WORK TASK>
All of the data goes into your copy exactly as written. Images do not.

*** DATASET EXTRACT ***

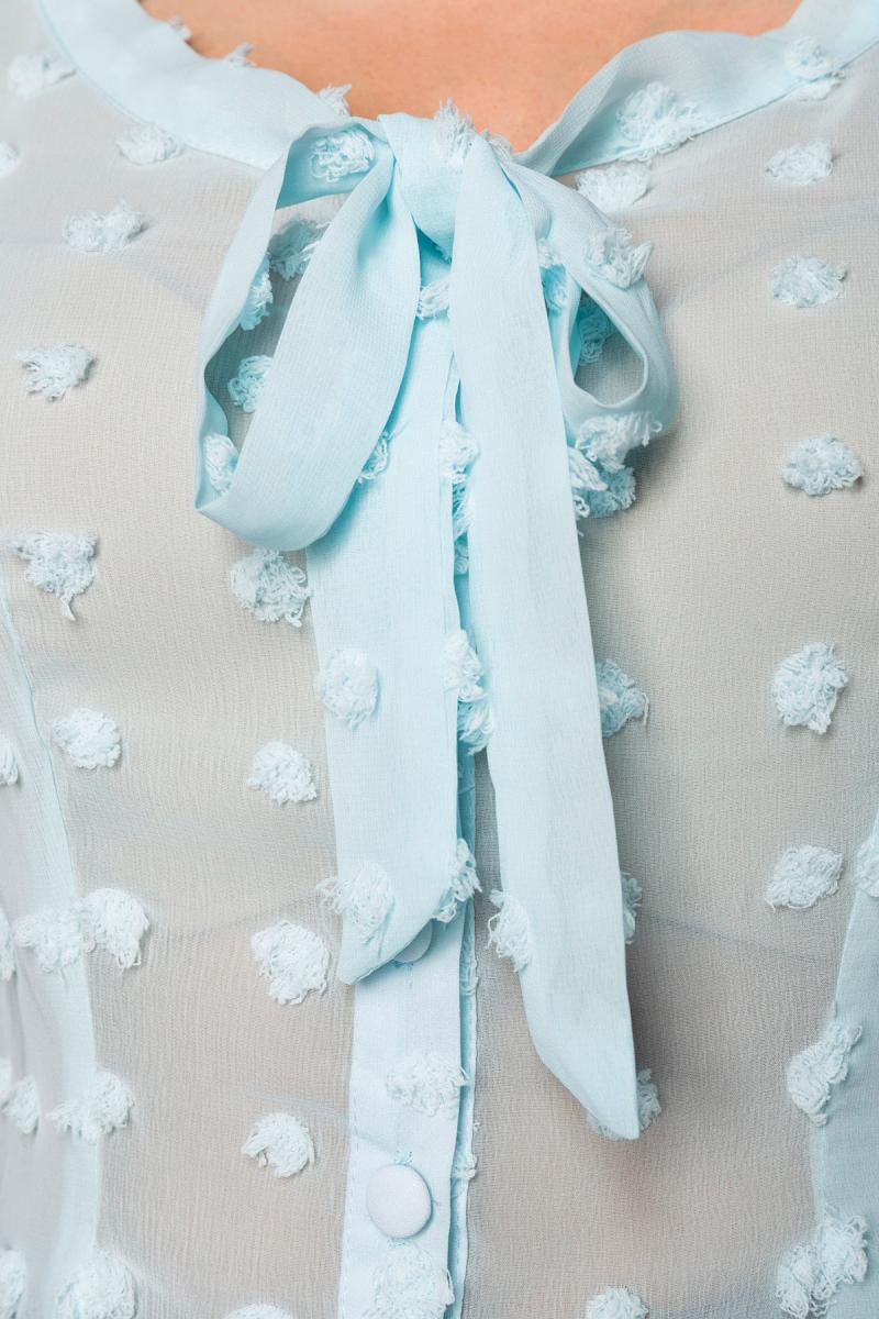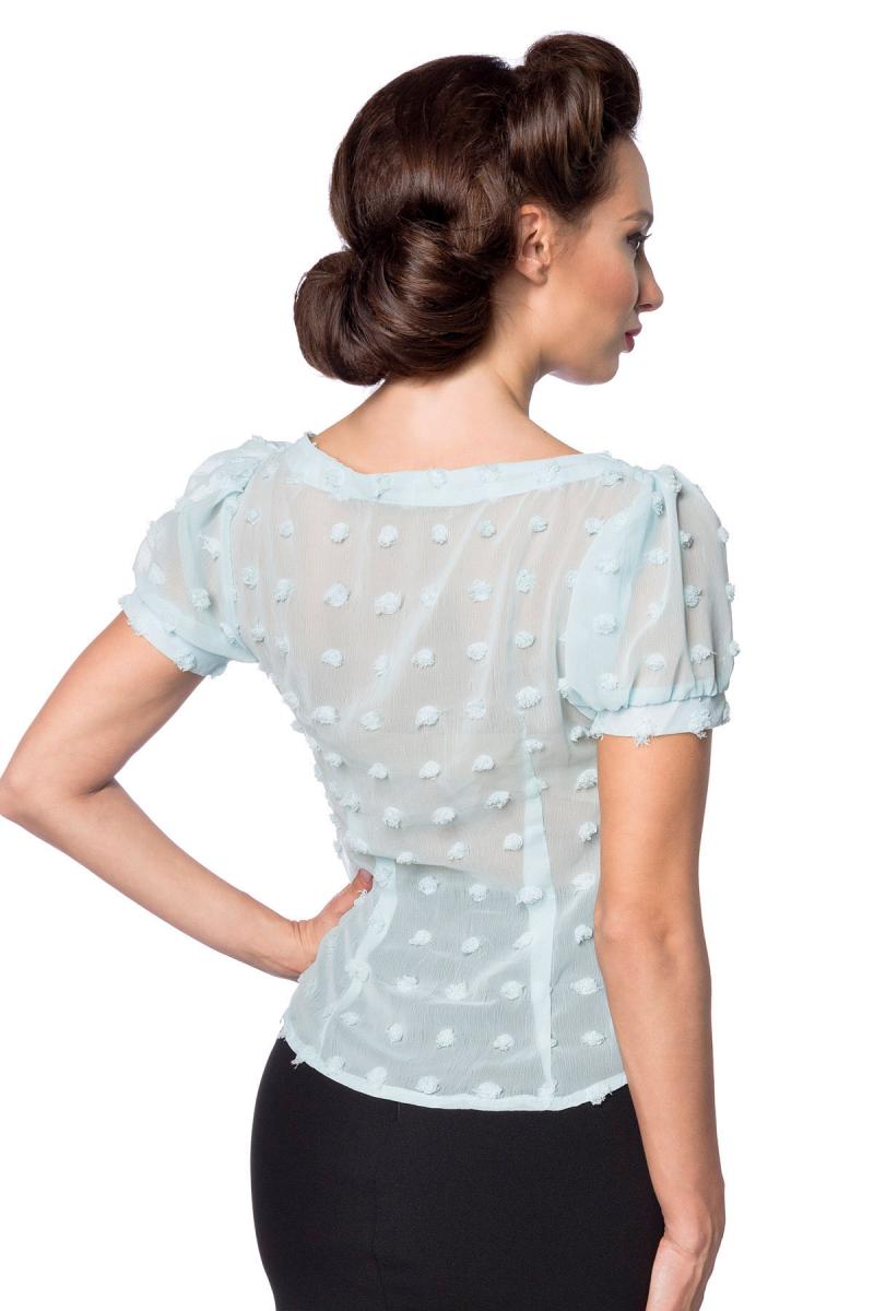 Blaue kurze Schluppen-Bluse mit kurzen Puffärmeln und Schleife transparenter Netzstoff Knopfleiste
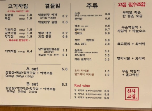 메뉴판은 아래와 같습니다. 메인 메뉴는 역시 삼겹살 목살이네요.
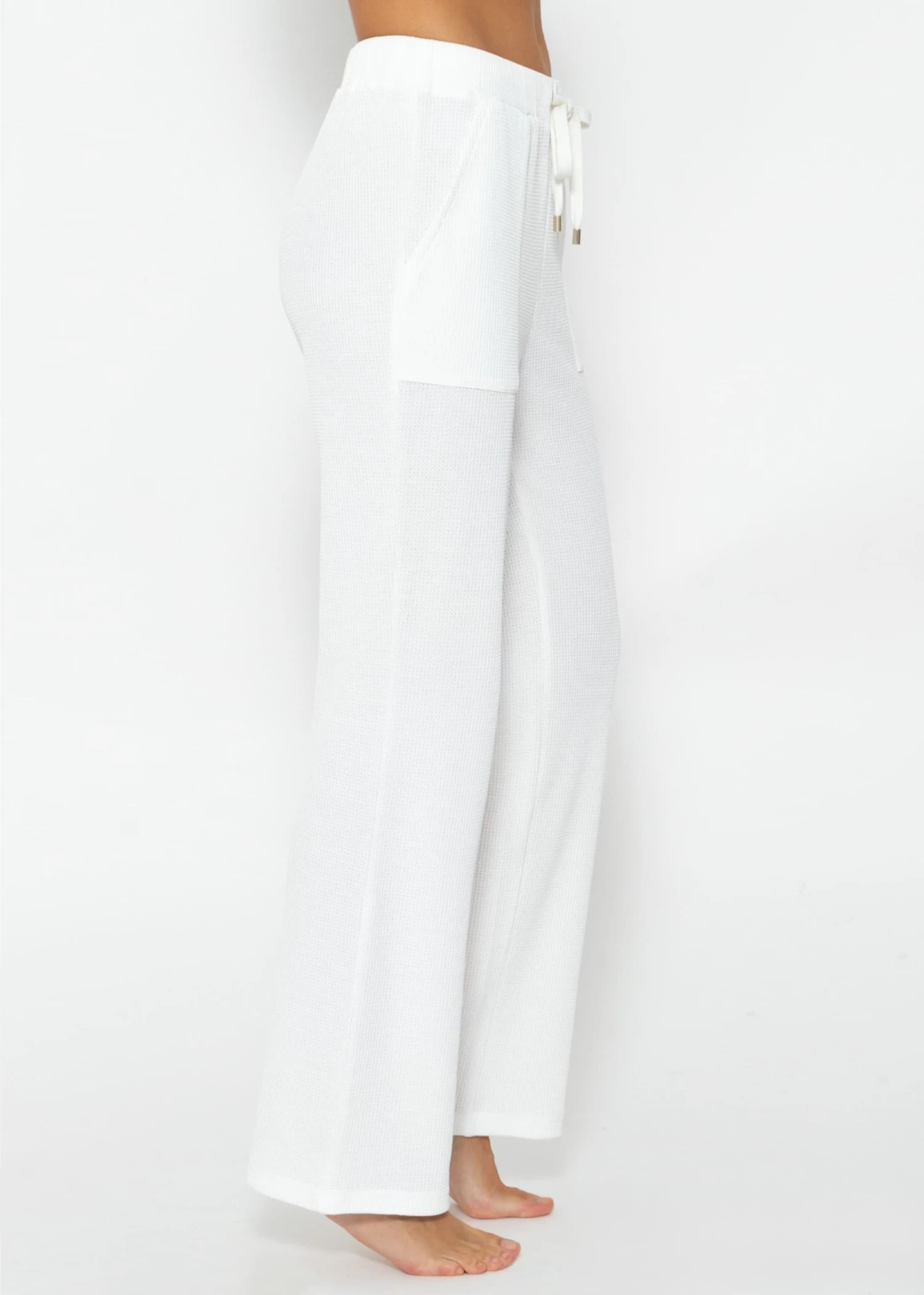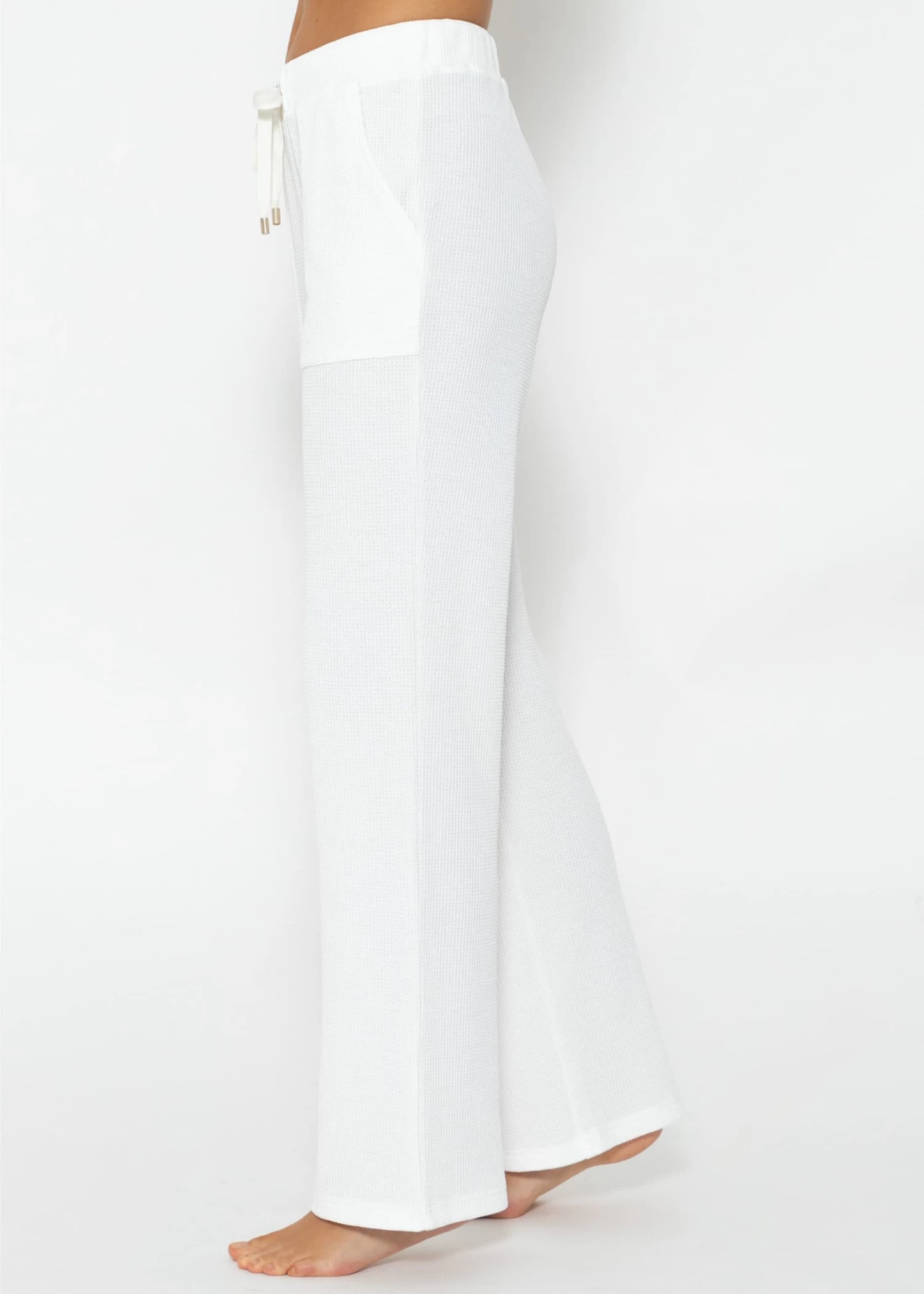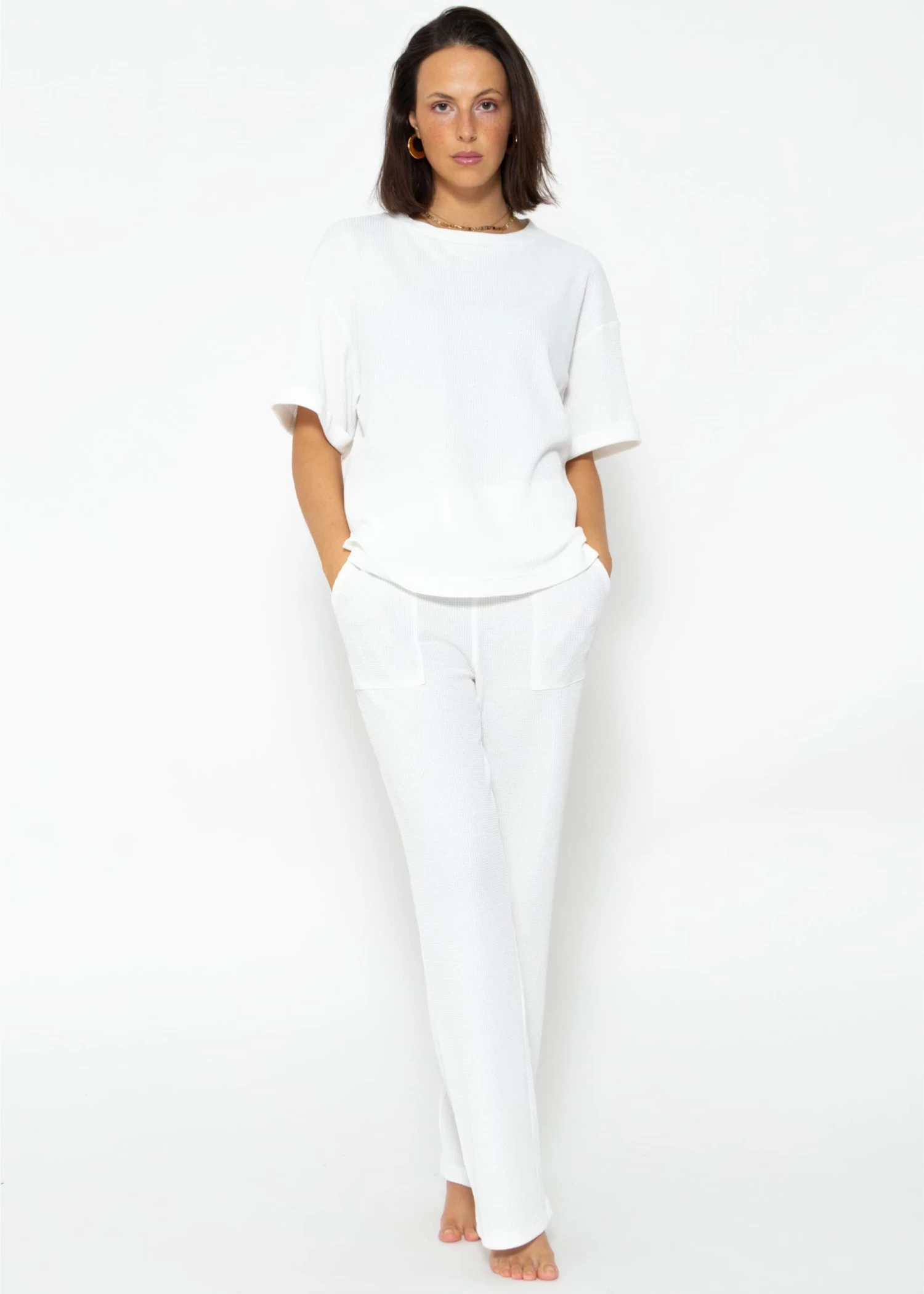 Dieses Modell präsentiert sich in einer lockeren Passform, mit einem elastischen Gummibund sowie mit weitem Bein. Praktische Einschubtaschen und Bindebänder geben der Hose einen sportiven Look und bieten gleichzeitig Funktionalität. Das hochwertige Waffelpiqué sorgt für eine ansprechende Struktur und garantiert höchsten Tragekomfort. Für einen entspannten Set-Look kannst du die passende Bluse zu dieser Hose kombinieren.

*** End of DATASET EXTRACT ***

SOLUTION FOR THIS PROBLEM>
 Blaue kurze Schluppen-Bluse mit kurzen Puffärmeln und Schleife transparenter Netzstoff Knopfleiste
 메뉴판은 아래와 같습니다. 메인 메뉴는 역시 삼겹살 목살이네요.
 Dieses Modell präsentiert sich in einer lockeren Passform, mit einem elastischen Gummibund sowie mit weitem Bein. Praktische Einschubtaschen und Bindebänder geben der Hose einen sportiven Look und bieten gleichzeitig Funktionalität. Das hochwertige Waffelpiqué sorgt für eine ansprechende Struktur und garantiert höchsten Tragekomfort. Für einen entspannten Set-Look kannst du die passende Bluse zu dieser Hose kombinieren.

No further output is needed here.